The multi-nozzle configuration (Model-4) successfully demonstrates the scalability of the towed vertical discharge method for large-scale applications. While maintaining the same heat input per unit volume, the large-scale system achieved a final state of stability and uniformity that is quantitatively comparable to its small-scale, single-nozzle counterpart (Model-3).

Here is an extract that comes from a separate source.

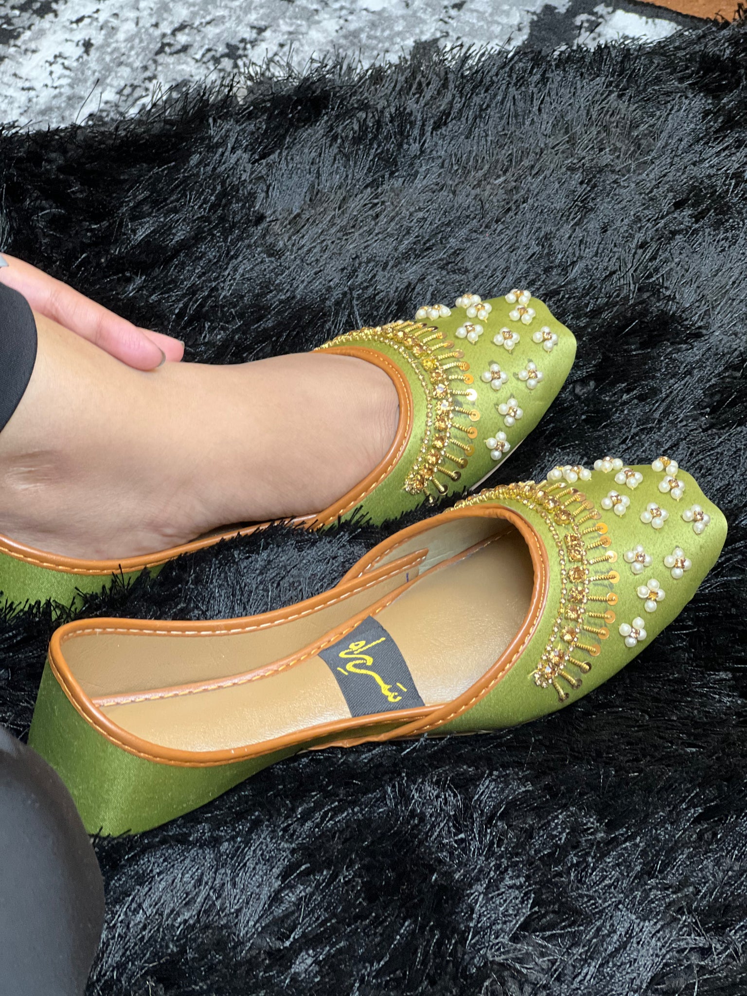 Perfect for day events, garden festivities, or casual chic styling, Green Aura adds a subtle sparkle to every step, blending artisanal charm with effortless grace.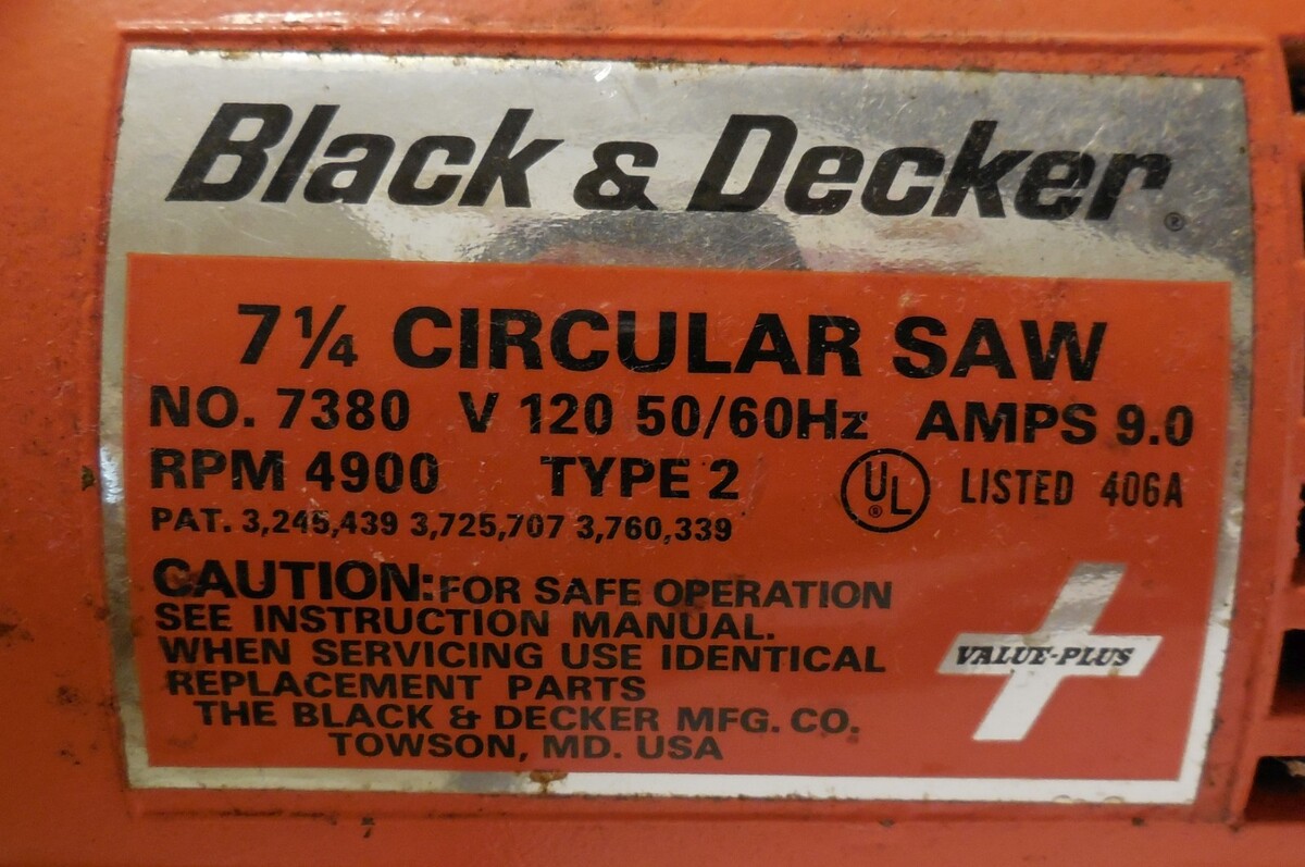 For Sale is a Used but in good Condition B + D Black and Decker 7 1/4" Circular Saw 9 Amps 4900 RPM Model 7380 TESTED and Works.. Comes with Blade but it may need to be replaced soon. Please see photos for more details. Saw will be Shipped Double Boxed to protect its journey to its new home (Postal workers can be very ROUGH on packages) the Outer Box is 14x14x14 this is why Shipping May Seem High but this is the shipping that the USPS or UPS is charging (i.e. Exact Shipping). Please ask any and all questions prior to purchasing. Fast same or next day shipping with delivery confirmation within the U.S.

The advantage of this study lies in its use of numerical simulation to systematically conduct a parametric investigation of complex operational conditions at a low cost and high efficiency, with results that can directly guide physical experiments and engineering practice. In conclusion, for applications requiring the rapid and efficient construction of reliable thermal stratification, the towed upward discharge method is a strategy demonstrably superior to the conventional fixed-point injection approach. The findings provide a clear design criterion for field applications: a mobile, vertical upward discharge scheme should be prioritized. Furthermore, this method exhibits excellent scalability. The established numerical model and the dimensionless parameters employed, such as the Richardson number (Ri), can be used to guide practical adjustments when scaling up with multi-nozzle configurations and a proportionally increased heat input, ensuring a robust transition from simulation to real-world application. This is of significant practical value in fields such as building test environments for underwater vehicle thermal stealth and simulating aquatic ecosystems. Future work could focus on optimizing the efficacy of this large-scale approach by investigating various multi-nozzle layouts (e.g., spacing and arrangement) and their interaction with different total heat input rates.